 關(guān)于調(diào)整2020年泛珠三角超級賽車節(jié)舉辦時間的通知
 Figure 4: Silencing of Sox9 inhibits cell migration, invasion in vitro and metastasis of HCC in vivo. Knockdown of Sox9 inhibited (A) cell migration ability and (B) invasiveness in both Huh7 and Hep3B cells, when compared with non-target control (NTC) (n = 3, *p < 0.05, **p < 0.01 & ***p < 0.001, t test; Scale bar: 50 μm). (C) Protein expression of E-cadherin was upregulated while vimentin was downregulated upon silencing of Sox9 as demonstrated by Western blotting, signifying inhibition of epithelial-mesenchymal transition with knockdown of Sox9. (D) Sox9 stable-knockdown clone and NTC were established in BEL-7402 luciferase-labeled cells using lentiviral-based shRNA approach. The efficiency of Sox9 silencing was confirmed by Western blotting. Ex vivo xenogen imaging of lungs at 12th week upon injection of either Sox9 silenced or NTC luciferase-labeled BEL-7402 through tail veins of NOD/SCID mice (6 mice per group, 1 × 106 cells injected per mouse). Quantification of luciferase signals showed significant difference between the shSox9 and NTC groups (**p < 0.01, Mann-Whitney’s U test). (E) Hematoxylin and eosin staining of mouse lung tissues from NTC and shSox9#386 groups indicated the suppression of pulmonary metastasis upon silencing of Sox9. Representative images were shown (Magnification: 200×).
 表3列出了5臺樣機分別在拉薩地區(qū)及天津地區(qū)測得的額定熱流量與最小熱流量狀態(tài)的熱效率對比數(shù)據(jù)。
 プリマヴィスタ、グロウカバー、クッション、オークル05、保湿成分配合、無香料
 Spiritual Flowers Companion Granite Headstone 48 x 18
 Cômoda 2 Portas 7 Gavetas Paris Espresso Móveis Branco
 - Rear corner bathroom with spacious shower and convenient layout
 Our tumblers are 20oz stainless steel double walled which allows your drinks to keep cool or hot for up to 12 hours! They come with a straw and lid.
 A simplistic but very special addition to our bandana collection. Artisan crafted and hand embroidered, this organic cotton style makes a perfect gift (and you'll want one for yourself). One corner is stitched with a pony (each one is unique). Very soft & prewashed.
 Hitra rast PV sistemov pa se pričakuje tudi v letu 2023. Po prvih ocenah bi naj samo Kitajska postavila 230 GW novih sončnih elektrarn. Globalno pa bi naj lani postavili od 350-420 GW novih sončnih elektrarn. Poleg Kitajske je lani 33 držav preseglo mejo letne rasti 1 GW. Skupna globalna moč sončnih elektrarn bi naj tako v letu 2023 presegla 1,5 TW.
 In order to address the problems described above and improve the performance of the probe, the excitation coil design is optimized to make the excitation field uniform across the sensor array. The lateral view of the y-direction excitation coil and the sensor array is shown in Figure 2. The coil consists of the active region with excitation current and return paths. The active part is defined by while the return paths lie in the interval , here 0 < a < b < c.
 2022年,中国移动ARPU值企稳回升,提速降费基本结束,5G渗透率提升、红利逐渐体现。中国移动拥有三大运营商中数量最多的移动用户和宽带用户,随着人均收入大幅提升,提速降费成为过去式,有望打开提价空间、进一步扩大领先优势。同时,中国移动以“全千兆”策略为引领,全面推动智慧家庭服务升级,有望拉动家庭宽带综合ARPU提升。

————————

| Brief |
Lines of the listing above that include the string "corner" should each be copied.

| Exercise solution |
 - Rear corner bathroom with spacious shower and convenient layout
 A simplistic but very special addition to our bandana collection. Artisan crafted and hand embroidered, this organic cotton style makes a perfect gift (and you'll want one for yourself). One corner is stitched with a pony (each one is unique). Very soft & prewashed.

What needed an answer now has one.